Ran my LC-1 with a USB-serial adapter with no issues.
I plan on buying an AEM unit next time.
The LC-1 is finicky about ground offsets and it took me a while to get it to work with my gauge.
I did finally get it reading correctly.

Run away from the GlowShift gear. WB gauge dropped a decimal point and then one of the segments. Cost me $30 to get it fixed and that was under warranty.
Never again, I took it out got it fixed and sold it.


----------



## DannyLo (Aug 2, 2006)

vr-vagman said:


> Unfortunately you all guys just think that these WBs are accurate. For 200 bucks you can't really expect to have accurate WB. These are usually accurate just around the stoich area. It is easier there to get accuracy needed. Compare them with real WB or gas analizer. Read the Innovative's user forum.
> Just my 2c


That's speculation. I ran my car with the gas analyzer we have for the dyno at our shop and it's almost dead on within a few tenths at most for margin of error at all ranges of the spectrum. This is NYS Inspection grade equipment that i was running it side by side with, which is constantly calibrated.


----------



## dubbinmk2 (Jan 15, 2008)

nice 

thanks


----------



## vr-vagman (May 15, 2010)

What is so nice? May be the fact that you calibrate these WB at open air (the leanest possible) and expect accuracy at richer end where actually power and torque come on max? I'm not offensive here just asking questions(incl. myself).


----------



## dubbinmk2 (Jan 15, 2008)

nice that! I can use USB to serial adapter..... looks like I opened a can of worms again on vortex... lol


----------



## dubbinmk2 (Jan 15, 2008)

kiss my white ass vr-vagman I'm really going to spend 5 grand on the setup you are talking about?
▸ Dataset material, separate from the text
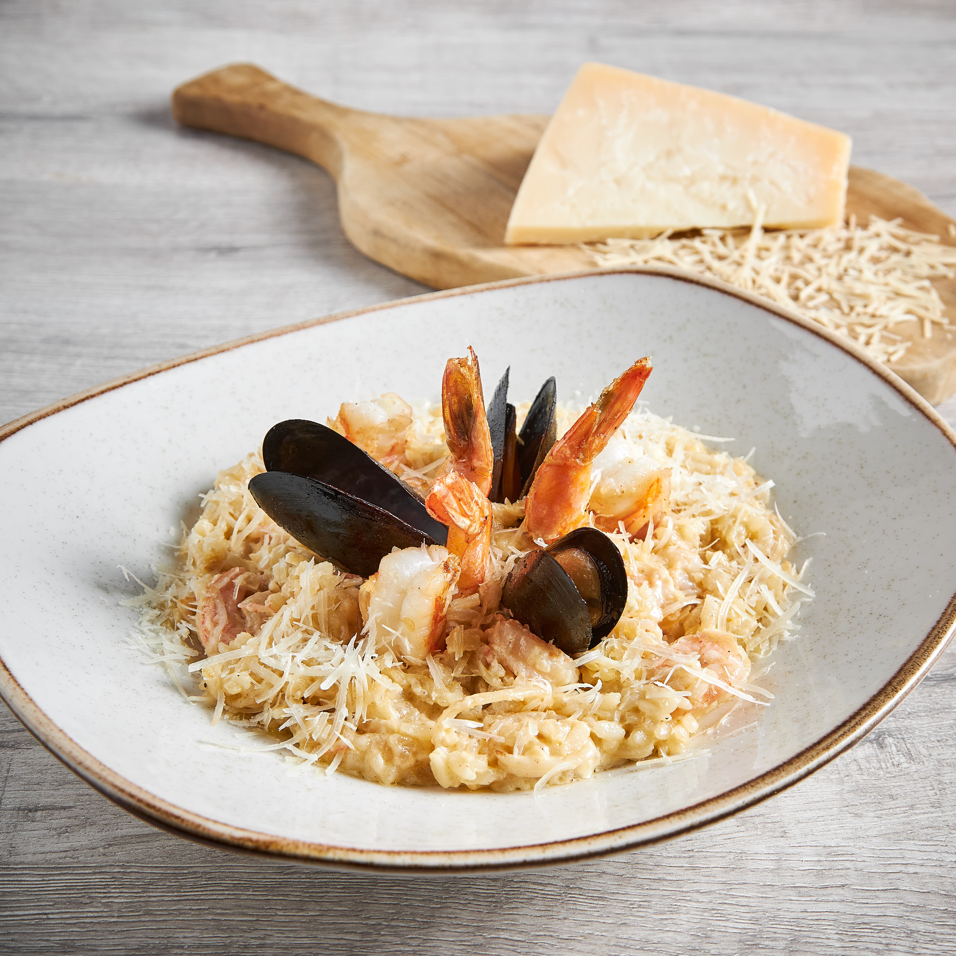 Exquisita mezcla de camarones, calamares, langostinos, palmitos de cangrejo y mejillones en nuestro cremoso risotto artesanal.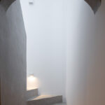 אזור מגורים מרווח בחלל פתוח מלא באור טבעי המוביל לחצר ולבריכת השחייה.

id rather get another vr6 motor if it blows...


blow me


----------



## vr-vagman (May 15, 2010)

I'm not talking bout any 5K WB kit, biatch. You shouldn't speak on public forum like 5 bucks cheap whore. Since there is still no moderators just take my advice. 
Go, put your WB sensor deep in your ass and start "Calibration". You smell really bad and nobody is going to get close to you.:screwy:


----------



## dubbinmk2 (Jan 15, 2008)

yo I love vortex !!!!!!!!!!!!!! case closed I got my answer


----------



## 16V VW (Aug 1, 2004)

skip all of the baby crap go with a LM-2.

or get a lm1 with xd-16

DON'T GET AEM or PLX

ughhh. dipers.


----------



## VDub Dan-O (Mar 24, 2010)

16V VW said:


> DON'T GET AEM or PLX


Could you elaborate on why not to get the AEM for a ~$200 WB?
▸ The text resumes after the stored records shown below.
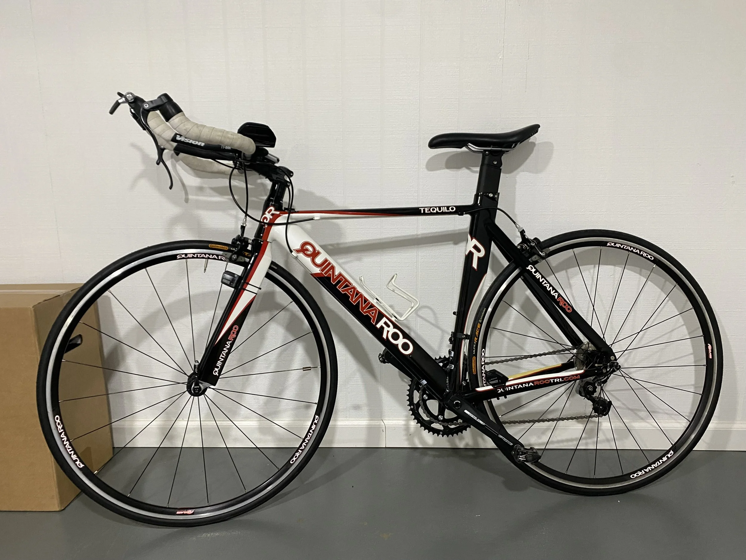 I have done a few sprint tris as a kid, but refused to do more because they involved running. Duh. But since I picked up running more seriously this year, I was only missing a bike to complete the trifecta. After doing some research, I got my hands on a gently used Quintana Roo tri bike. The scary part wasn't that I hadn't really ridden in a few years, it was the fact that it had clip-in pedals. The thought of attaching my only fall-prevention mechanism to the bike seemed like a terrifying concept (and still is...). Nevertheless, I got myself some proper shoes and the right pedals so that I can begin practicing clipping in and out. Even though I have had the bike for a little while now, I struggled to understand the pedal/shoe compatibility so I am just now getting the right equipment. Turns out, every hobby has its intricacies. Here is my bike!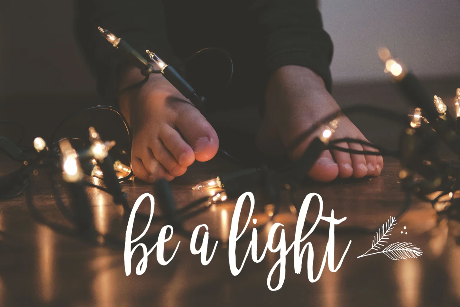 Een foto kerstkaart met een handgetekende tekst "be a light"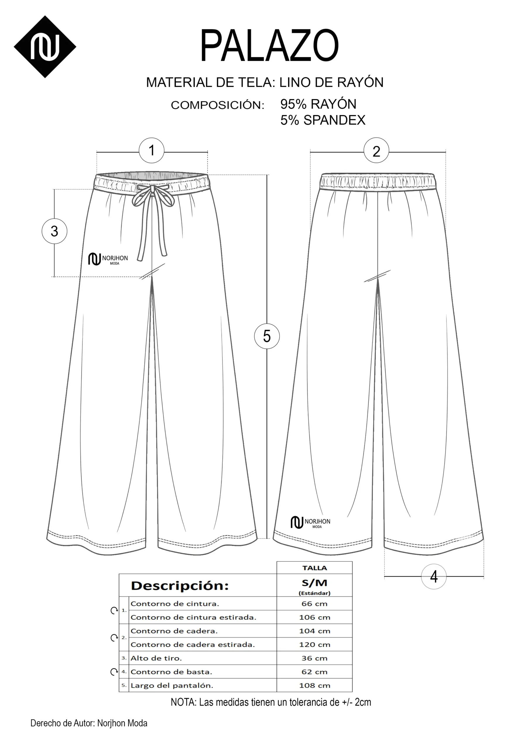 Ideal para ofrecer máxima comodidad y frescura en climas cálidos. Estilo palazo de pierna ancha que cae de forma fluida desde la cintura, creando una silueta relajada y elegante. Para equilibrar el volumen, se recomienda usarlo con tops o blusas más ajustadas, o llevar la prenda superior por dentro para marcar la cintura.

I agree on the LM-1, it's a nice unit, but after buying the LM-1 and then the XD-16 you're over $400


----------



## 16V VW (Aug 1, 2004)

you can get a xd-16 with lm1 for 230 out the door, try google shopping.
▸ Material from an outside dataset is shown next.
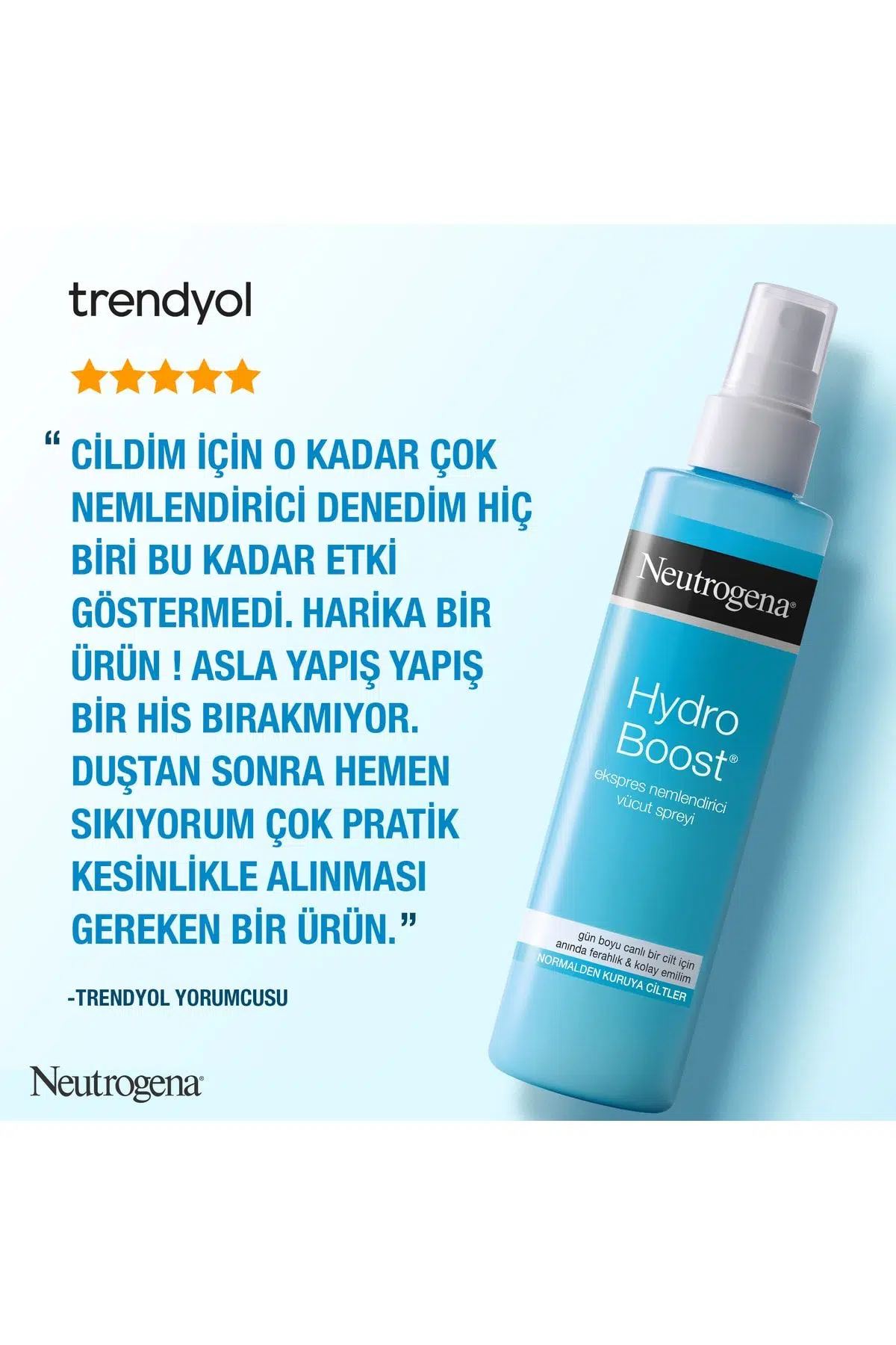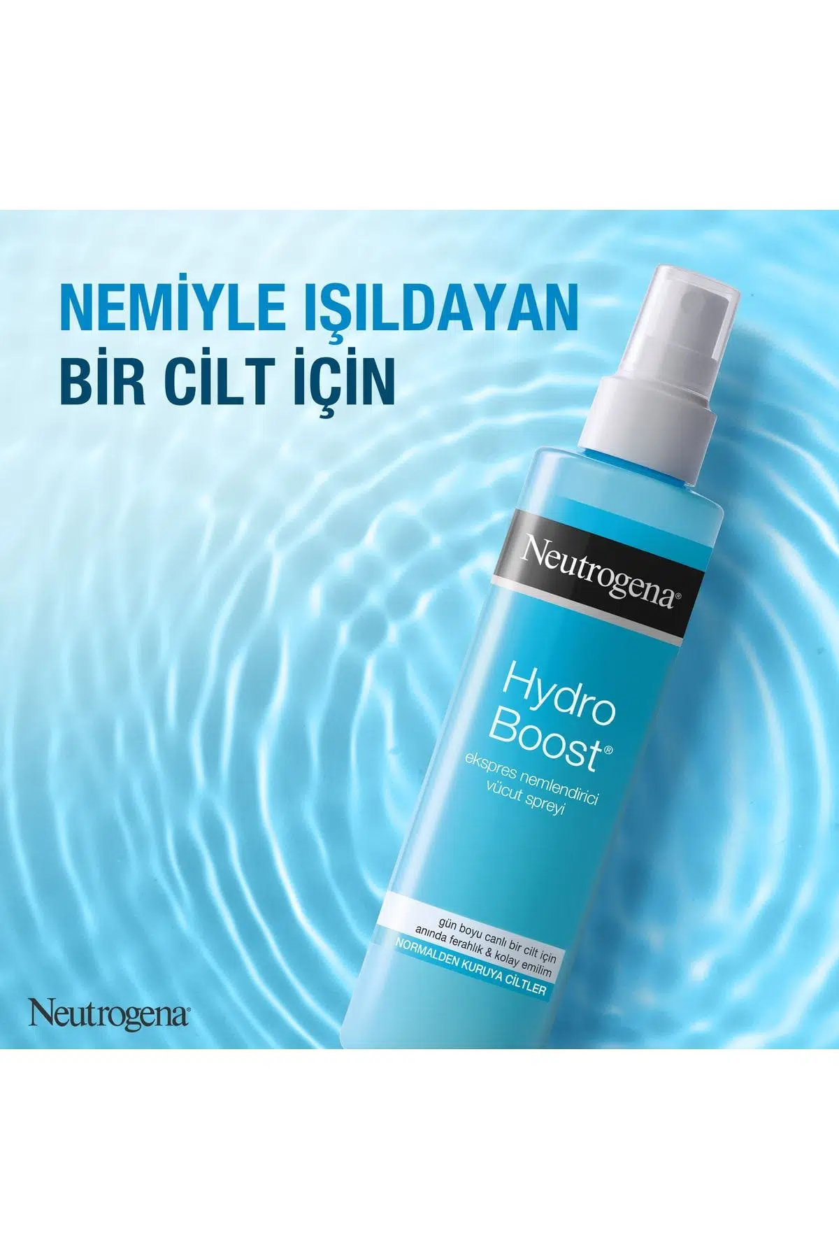 Neutrogena® Hydro Boost® Ekspres Nemlendirici Sprey Faydaları Yeni Neutrogena® Hydro Boost® Ekspres Nemlendirici Sprey gün boyu sıkı ve canlı bir cilt için anında nemlendirir. Bu ferahlatıcı, ultra hafif, ferahlatıcı ve serinletici formül kendi ağırlığının 1000 katı kadar su tutabilen Hiyalüronik Asit içeriği sayesinde cildinizde yoğun bir nemlendirme sağlar. Neutrogena® Hydro Boost® Ekspres Nemlendirici Sprey Özellikleri Cildin nem ihtiyacını iki adımda karşılar: Cilde nemi hapseder Ve cildiniz ihtiyaç duydukça ona geri vererek nem dengesini sağlar Neutrogena® Hydro Boost® Ekspres Nemlendirici Sprey Sonuçları Kadınların %79’u cildini fark edilir şekilde pürüzsüz hissetmektedir. Kadınların %74’ü cildinin gün boyu güzel göründüğünü hissetmektedir. Duş veya banyo sonrası doğrudan ıslak cildinize uygulayarak suyu cildinize hapsedin. Yağsız ve yapışkan olmayan formülü cilde anında nüfuz ederek kolayca emilir. Böylece uygulamadan sonra giyinmek için beklemenize gerek kalmaz. Yoğun nemlendirici bir etki için cildinize yakın püskürtürken ferahlatıcı bir etki için uzaktan püskürtün. Hassas ciltler için uygundur. Dermatolojik kontrol altında test edilmiştir. Hydro Boost® serisinin el, vücut ve yüz ürünlerini keşfederek günlük bakımınızın her adımında nemlendirmenin keyfini sürün. *160 gönüllünün, 1 hafta boyunca günde bir defa kullanımı ile, tüketici çalışması

aem is for kids, non calibrateable, non datalogging crap, no imputs. what good is that.


----------



## VDub Dan-O (Mar 24, 2010)

16V VW said:


> aem is for kids, non calibrateable, non datalogging crap, no imputs. what good is that.


Good point, definitely a factor to consider if you're feature shopping.

I never logged with the LC-1 I had, but I did use the software to do some add-on gauge output wire calibrating setup with the digital gauge I used.
I don't recommend the LC-1, that's for sure, too finicky with the grounds.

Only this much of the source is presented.